Sabtu, 30 Mei 2009

Tamatnya Ideologi dan Latar Belakang


ADA kecenderungan yang sangat kuat bahwa ideologi sudah tamat riwayatnya. Itulah kecenderungan yang terjadi dalam konteks mencari wakil presiden yang sedang giat-giatnya dilakukan elite partai. Proses masih terus berjalan, tetapi kecenderungan itu sudah dapat dilihat.

Pencalonan SBY menjadi presiden dari Partai Demokrat kiranya akan didukung empat partai yang berbasiskan Islam, yaitu PKB, PKS, PAN, dan PBB, serta partai berbasiskan Kristen PDS.
Sementara itu, calon presiden Megawati Soekarnoputri yang diusung PDI Perjuangan akan berkoalisi dengan Gerindra dan Hanura serta banyak disebut dengan PPP yang berlambang Kabah. Bila itu yang terjadi, itulah perkawinan paham kebangsaan dengan Islam.

Bagaimana dengan calon presiden Jusuf Kalla yang dijagokan Partai Golkar? Sampai kemarin belum jelas Golkar akan berkoalisi dengan partai apa.

JK telah bertemu dengan Megawati dan Prabowo, tetapi belum ada tanda-tanda terjadi koalisi.
Yang jelas, sulitnya mendapatkan 25% suara rakyat atau 20% kursi DPR menyebabkan koalisi untuk mencari cawapres menjadi cair dan longgar.

Gejala umum yang muncul ke permukaan adalah pengelompokan parpol-parpol dalam koalisi tidak lagi terikat kepada kesamaan ideologi. Partai-partai atau tokoh-tokoh yang berbeda secara ideologis ternyata tidak memiliki hambatan berkoalisi untuk mengusung kepentingan yang sama.
Bahkan, latar belakang sejarah yang berlawanan pun tidak menjadi perkara. Itulah yang mengundang banyak pertanyaan.

Dalam gerbong yang mengusung incumbent SBY sebagai capres misalnya, ada Partai Demokrat, PKS, dan PDS yang dalam konteks ideologis sesungguhnya terpaut jarak cukup jauh. Namun, perbedaan itu tidak menghalangi partai-partai tersebut untuk berkoalisi.

Koalisi Megawati dan Prabowo adalah koalisi dua latar belakang yang saling berseberangan. Soemitro Djojohadikusumo adalah ayah Prabowo yang merupakan 'musuh politik' Bung Karno yang adalah ayah Megawati.

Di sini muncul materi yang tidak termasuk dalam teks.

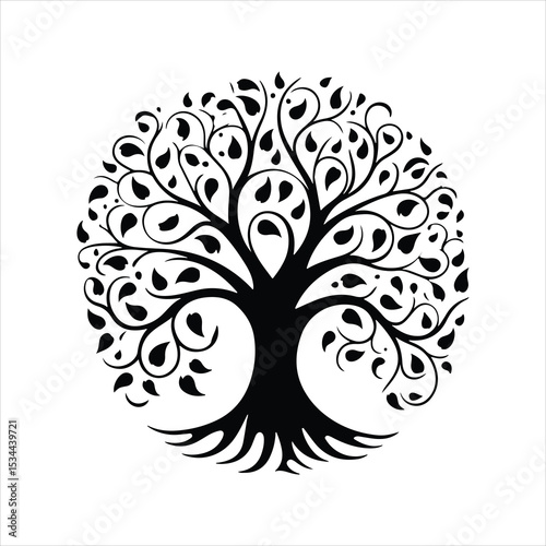Black and White Ornate Tree of Life Circular Design Abstract Floral Illustration vector

Ayah keduanya berseberangan secara politik, tetapi kini pada generasi anak, ternyata dapat bertemu dan bersatu untuk mengusung kepentingan bersama. Pertanyaannya adalah mengapa partai-partai atau tokoh-tokoh yang secara ideologis dan latar belakang sejatinya ibarat air dan minyak itu dapat berkumpul dalam sebuah koalisi? Tidakkah yang sepenuhnya bekerja semata pragmatisme? Demi kepentingan sesaat, ideologi partai dapat disingkirkan.

Demi memperoleh kursi kabinet, perbedaan dapat dilupakan. Pertanyaannya adalah berapa lama kekompakan itu bisa bertahan? Kabinet Indonesia Bersatu tentu saja dapat menjadi bukti bahwa koalisi rapuh karena terlalu banyak yang diakomodasi tanpa mempersoalkan platform.

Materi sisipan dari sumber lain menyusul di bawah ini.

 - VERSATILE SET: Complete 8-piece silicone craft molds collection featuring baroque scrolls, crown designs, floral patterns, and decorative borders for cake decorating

Koalisi yang sehat adalah koalisi yang didasarkan pada kesamaan platform. Bisakah kesamaan platform itu dibentuk secara mendadak? Singkatnya, pemilu presiden kali ini jelas sebuah medan persaingan yang unik. Yaitu tidak soal siapa berkoalisi dengan apa dan siapa, yang penting bisa menang menjadi presiden.